TV star, automotive designer, artist, and Boyd Coddington disciple Chip Foose has been a staple in the custom car scene for years now, and he’s obviously not afraid to shake things up and create some controversial rides in addition to his many stunning hot rods. Most recently, that includes transforming a 1966 Ford Bronco into a modern-day street rod, as well as lending the exact same treatment to a 2021 Ford Bronco earlier this year. Now, Foose is back with yet another cool imaginary sketch depicting what a theoretical 2022 Ford Maverick Shelby might look like.
This idea isn’t quite as far-fetched as the concept of building a hot rod Bronco, however. Ford isn’t ruling out a high-performance street-focused version of the Maverick pickup, and we also previously created some renderings of what an ST variant of the Maverick might look like.

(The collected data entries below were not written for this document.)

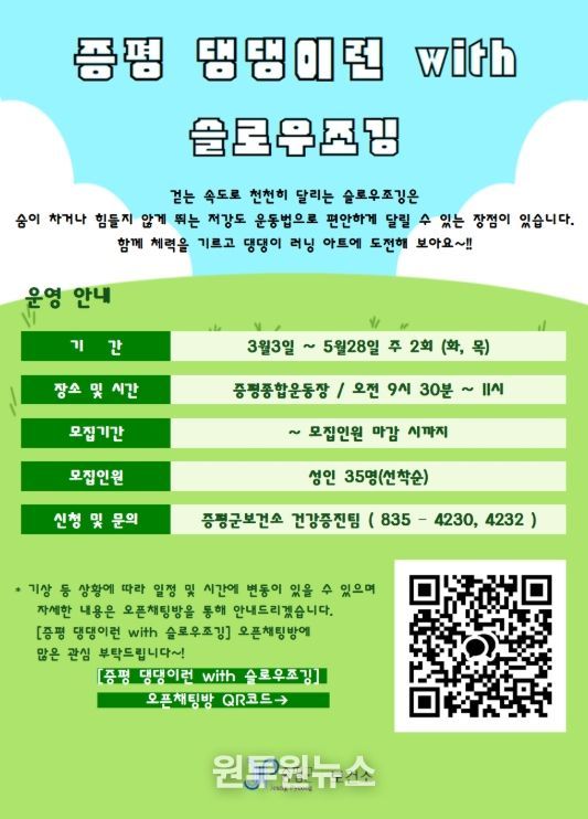 (원투원뉴스) 충북 증평군보건소가 지역주민의 신체활동 증진과 만성질환 예방을 위해 슬로우조깅 프로그램 참여자 35명을 이달 27일까지 선착순 모집한다.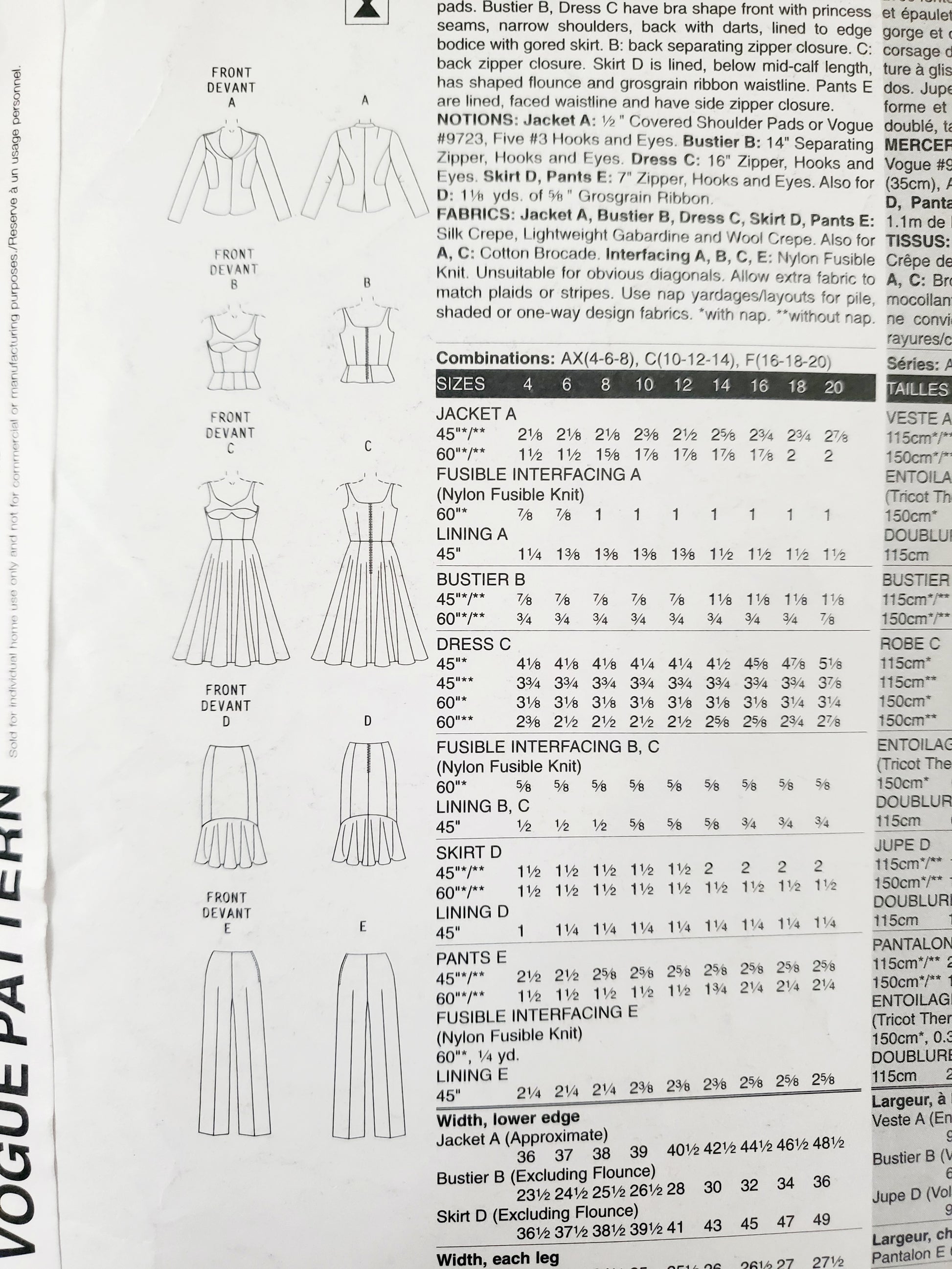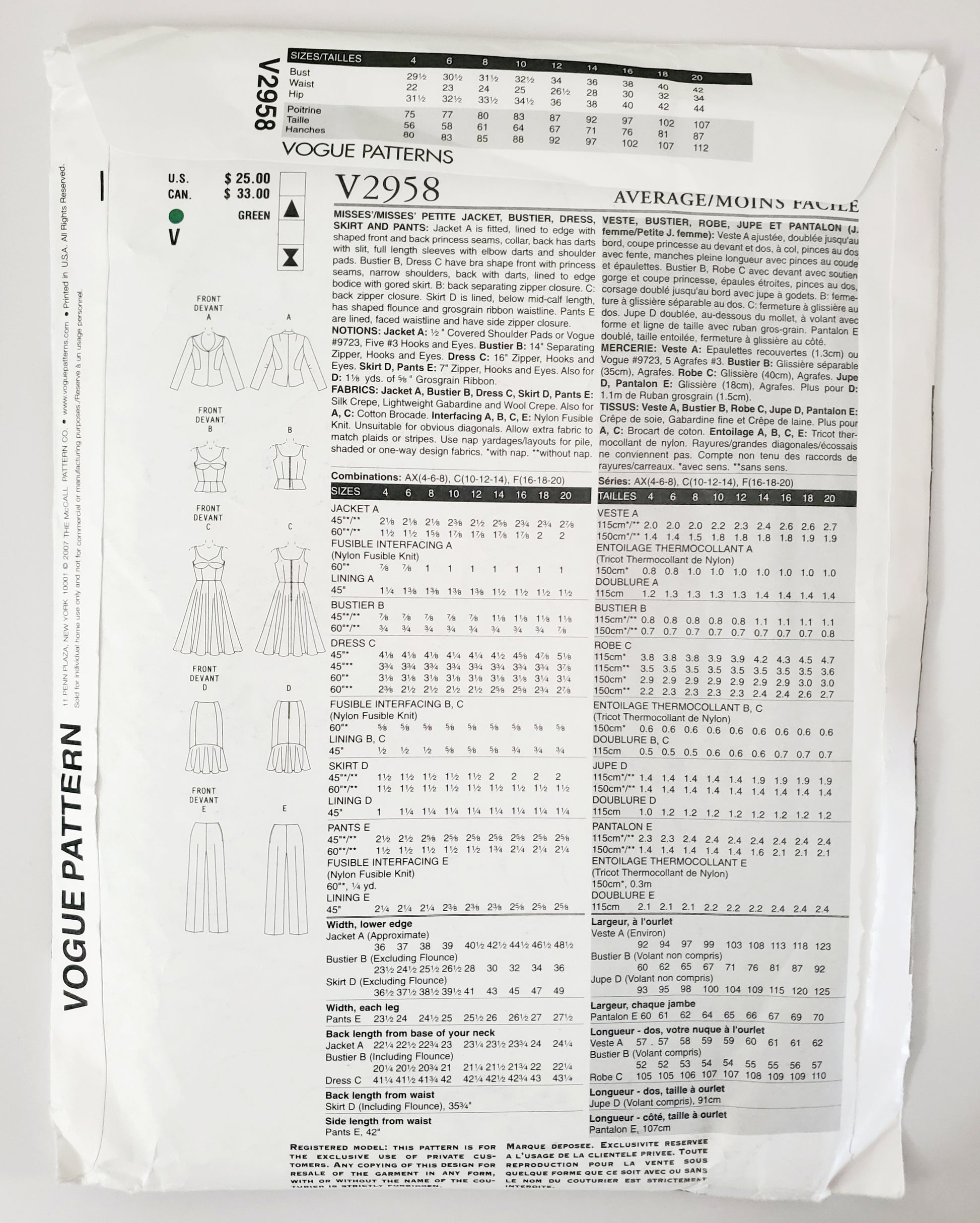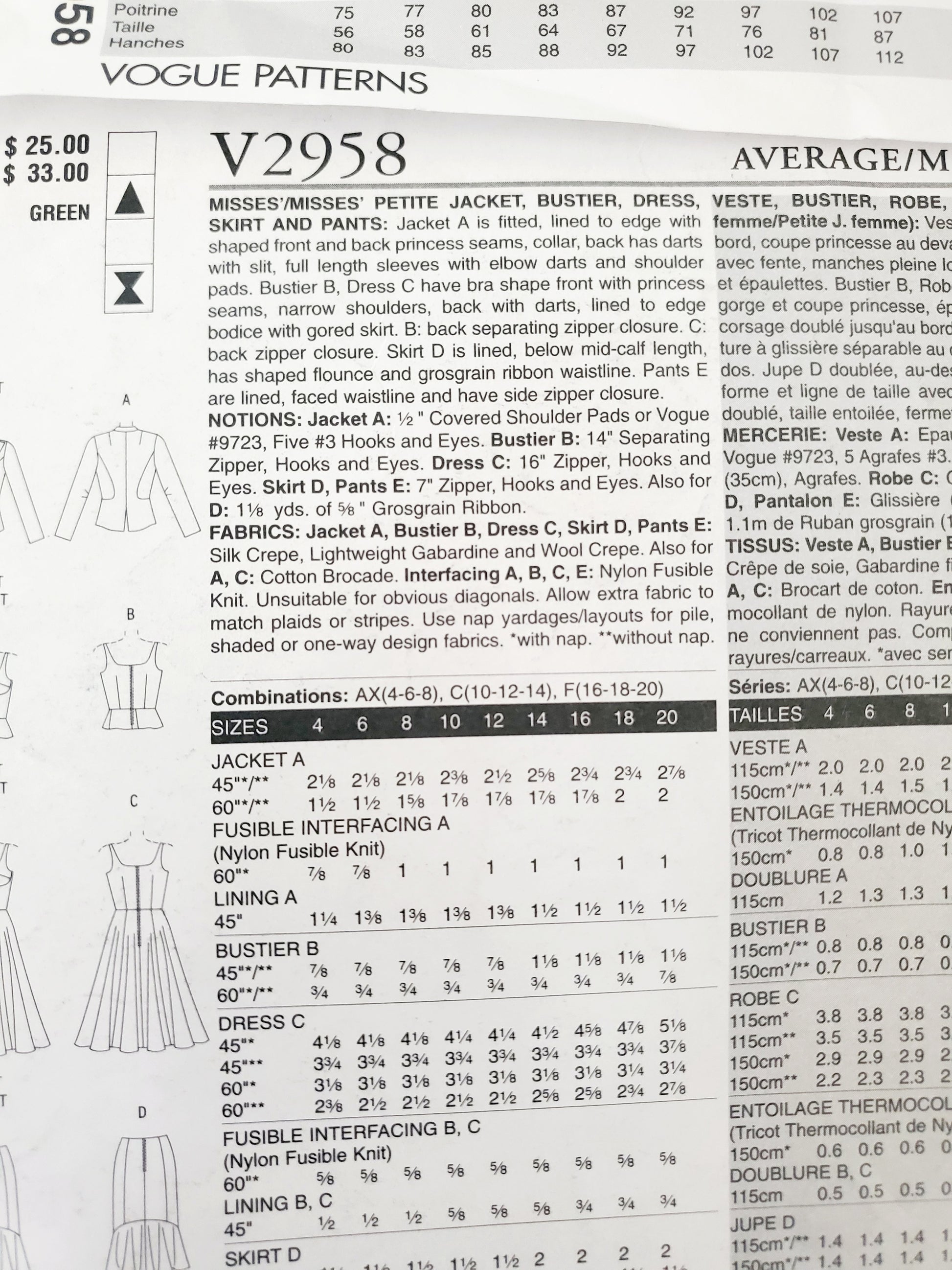 VOGUE PATTERNS, Sewing Pattern V2958, VOGUE WARDROBE, Jacket, Bustier, Dress, Skirt, Pants, Size 10-14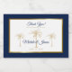 Thank your guests for celebrating with you on your special day with these modern navy blue and gold mini sparkling wine labels featuring the words "Thank you for celebrating with us" and an artistic golden palm tree and elegant gold foil frame over a navy blue background. Easily personalise them with the provided templates for the bride and groom's names and wedding date. If you need help or matching items, please contact me.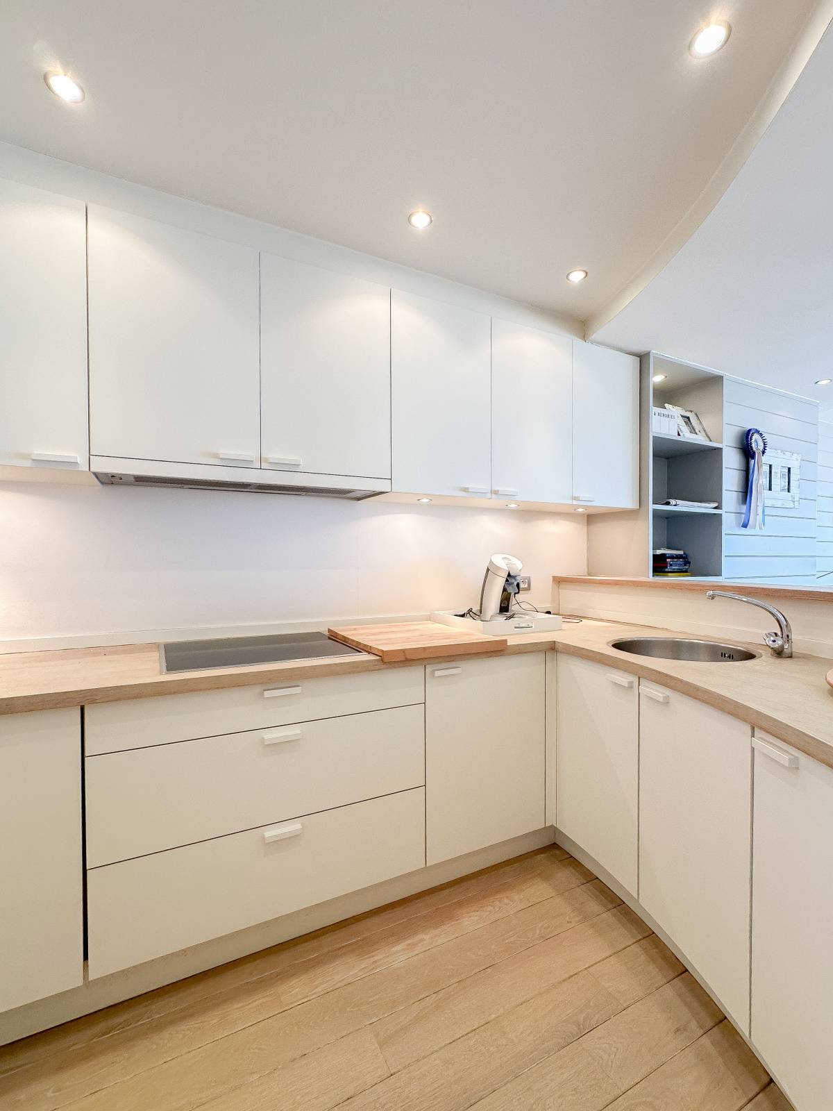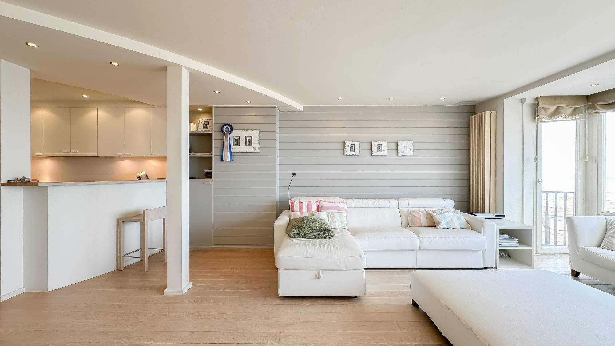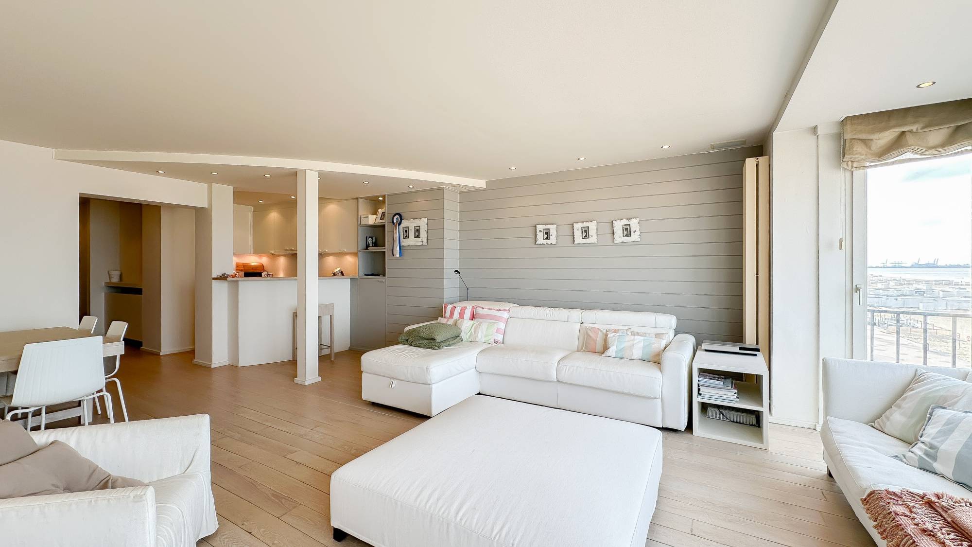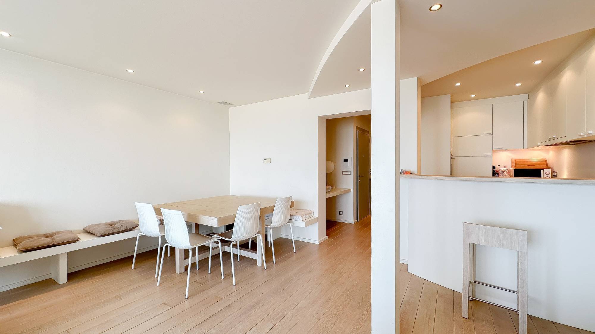 Samenstelling: Inkomhal met gastentoilet en vestiaire. Ruime woonkamer met open zicht op zee. Open keuken met keukeneiland en gezellig ontbijthoekje. Eetkamer. Berging voor wasmachine en droogkast.

Shelby already enjoys a strong relationship with Ford, lending its name and tuning prowess to the Ford Mustang Shelby GT500 and soon, the Ford Mustang Mach-E, so a Ford Maverick Shelby actually seems like it could come to fruition.
Foose admits that most aftermarket companies and builders out there are focusing on making the Maverick more of an off-road vehicle, and he wants to do something different. “I don’t want to do something somebody else is doing,” he says. “So I’m going to look at this as a passenger car and I want to see how I can bring it down and make it look aggressive for the street.” That process starts out with Foose adding wider fender flares, a hood scoop, a bed-mounted rear wing, and different lights to the compact pickup.
Foose also sketches in some fog lights and ground effects to give the Maverick more of a ground-hugging look, along with a lowered suspension and larger wheels. The finishing touches, however, are what adorns the pickup’s body – the classic Shelby color combination of white with blue stripes, which are complemented by satin black trim to match the factory pieces. Overall, it’s a pretty cool idea, and one that may actually become a reality at some point in the future, too.